A New World

You have probably heard of Wordle which has become a very popular puzzle in 2022. But have you heard of Worldle? It involves a shape of a country coming up on the screen and then working out which country or island is represented. It’s a lovely way to become more familiar with the planet we live on! 

Today’s Worldle country was Mexico and it draws me to share a verse which our link missionaries in Mexico, Danica and Yosef, shared back at the start of the pandemic two years ago. It was right at the time when our nation was being hit by the implications of the virus. In March 2020, I looked with shock at the newspaper front page with the headline ‘Depression. Alongside it was a photo of a long queue of people outside Centrelink and a report that 100,000 people had lost their jobs almost overnight. I found myself feeling like we had suddenly been landed within John Steinbeck’s novel ‘The Grapes of Wrath’.

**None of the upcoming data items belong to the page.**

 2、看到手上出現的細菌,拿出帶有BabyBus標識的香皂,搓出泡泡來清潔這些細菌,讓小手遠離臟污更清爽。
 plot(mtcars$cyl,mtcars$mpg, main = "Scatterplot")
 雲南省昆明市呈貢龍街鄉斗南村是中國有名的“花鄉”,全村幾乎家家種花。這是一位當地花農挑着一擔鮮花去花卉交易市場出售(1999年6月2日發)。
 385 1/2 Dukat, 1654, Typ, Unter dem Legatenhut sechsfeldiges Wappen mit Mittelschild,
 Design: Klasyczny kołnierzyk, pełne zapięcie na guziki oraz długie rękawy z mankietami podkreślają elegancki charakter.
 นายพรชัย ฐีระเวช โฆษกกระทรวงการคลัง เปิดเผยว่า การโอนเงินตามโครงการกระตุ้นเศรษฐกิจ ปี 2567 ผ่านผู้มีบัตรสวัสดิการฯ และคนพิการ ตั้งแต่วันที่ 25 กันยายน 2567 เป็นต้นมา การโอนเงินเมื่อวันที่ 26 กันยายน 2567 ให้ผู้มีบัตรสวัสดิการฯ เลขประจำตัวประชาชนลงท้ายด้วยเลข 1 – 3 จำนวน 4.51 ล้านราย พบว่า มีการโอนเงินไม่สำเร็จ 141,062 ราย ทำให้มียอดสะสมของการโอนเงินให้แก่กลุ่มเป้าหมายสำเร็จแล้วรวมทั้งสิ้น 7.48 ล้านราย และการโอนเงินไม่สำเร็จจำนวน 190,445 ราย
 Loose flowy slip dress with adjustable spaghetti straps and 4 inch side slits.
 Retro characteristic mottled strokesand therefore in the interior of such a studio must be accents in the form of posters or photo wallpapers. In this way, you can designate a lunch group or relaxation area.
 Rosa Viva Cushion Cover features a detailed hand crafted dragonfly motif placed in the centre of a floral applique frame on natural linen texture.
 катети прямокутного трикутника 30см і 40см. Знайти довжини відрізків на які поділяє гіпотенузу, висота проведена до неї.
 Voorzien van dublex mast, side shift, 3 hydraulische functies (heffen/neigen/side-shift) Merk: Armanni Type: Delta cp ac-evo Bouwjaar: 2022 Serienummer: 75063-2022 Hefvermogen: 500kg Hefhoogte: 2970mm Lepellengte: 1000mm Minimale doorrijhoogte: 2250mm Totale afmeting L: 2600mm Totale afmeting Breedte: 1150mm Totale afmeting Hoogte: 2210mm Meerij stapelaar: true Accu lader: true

It was that same day, that I received an email from our friends in Mexico quoting part of Jeremiah 31:22 ‘For the Lord will do a new thing’. 

It wasn’t a verse that I was familiar with, and so I opened my bible to read the full verse:

“How long will you waver, O faithless daughter? For the LORD has created a new thing on the earth: a woman encircles a man.” (Jeremiah 31:22 ESV).

That only puzzled me even more. What was this notion of ‘a woman encircling a man’?!

I pulled out some commentaries and here’s some of my research:

Andrew Shead in his book ‘A Mouth Full of Fire’ notes that the passage forms an inclusio with Jeremiah 30:6 which reads:

Ask now, and see, can a man bear a child? Why then do I see every man with his hands on his stomach like a woman in labour? Why has every face turned pale?” 

Andrew explains Jeremiah 31:22 – “Such is the depth of Judah’s depravity that for restoration to be real it must be marked by a fundamental discontinuity with the present order. The word of the Lord must ‘create a new thing on the earth’ (31:22)”. (Shead, p99.).

The RSV translates the phrase as ‘a woman protects a man’. Derek Kidner observes that the Hebrew verb translated ‘protects’ is literally ‘encompasses’ and it has an affectionate tone in the comparable contexts. These are:

Deuteronomy 32:10 (ESV)

  “He found him in a desert land,
    and in the howling waste of the wilderness;
he encircled him, he cared for him,
    he kept him as the apple of his eye

Psalm 32:7,10 (ESV)

He found him in a desert land,
    and in the howling waste of the wilderness;
he encircled him, he cared for him,
    he kept him as the apple of his eye.
Many are the sorrows of the wicked,
    but steadfast love surrounds the one who trusts in the Lo

Kidner also notes that this Hebrew word is very similar to the Hebrew word translated ‘faithless’ in the opening of Jeremiah 31:22, and he suggests it might be a deliberate contrast. He concludes: ‘So, among the many suggestions offered for this saying, I am drawn to reading it as a foretaste of the new covenant of verses 31ff., with the new intimacy between the Lord and his bride – hitherto a one-sided cherishing of his unresponsive partner, but henceforth an affection that is fully mutual.” (Kidner, ‘Jeremiah’, IVP p 109).

Thompson and Harrison develop this new covenant link further as they note how church history has connected this verse to the incarnation:

JA Thompson in his commentary wrote on Jeremiah 31:22: 

“The exact meaning of the proverb is not clear. It was clearly intended to describe something very unusual or unexpected. Jerome in the fourth century believed it was a prophecy about the Virgin Mary’s protecting embrace of the Christ child. Some have regarded it as a sign of great security such as is displayed by a mother protecting a child. Israel will know such security during her return and resettlement in Palestine.” (Thompson, Jeremiah, p 575)

RK Harrison draws a link with the incarnation and John 1:14 – “In the new covenant the Lord descends to the level of his people, limiting Himself to the point where they can lay hold upon Him…God became what we are in order to make us what He Himself is.” (Harrison, Jeremiah, p 136).

As I look back to that email from Mexico and reflect upon the ensuing two years impacted by the pandemic Covid-19, it is not hard to look at the ‘shape of the nations today’ and see a new order has been created. Having just preached on the Transfiguration (2 Peter 1 and Matthew 17) last week, Harrison’s comment draws me to wonder whether the shake up which our world has experienced is that outworking of God’s restoration purposes. Those purposes forecast by Jeremiah, and begun with the Virgin conceiving and so a ‘woman encircling a man’, and now continuing even to our present day as the Lord brings in the new creation ‘in order to make us what He Himself is’.

You might like to try Worldle – maybe it will get you to look at the world differently. But far more important: look at Christ and you will be different! And, by faith, you will see the World being transformed.

“Therefore, if anyone is in Christ, he is a new creation. The old has passed away; behold, the new has come.” (2 Corinthians 5:17).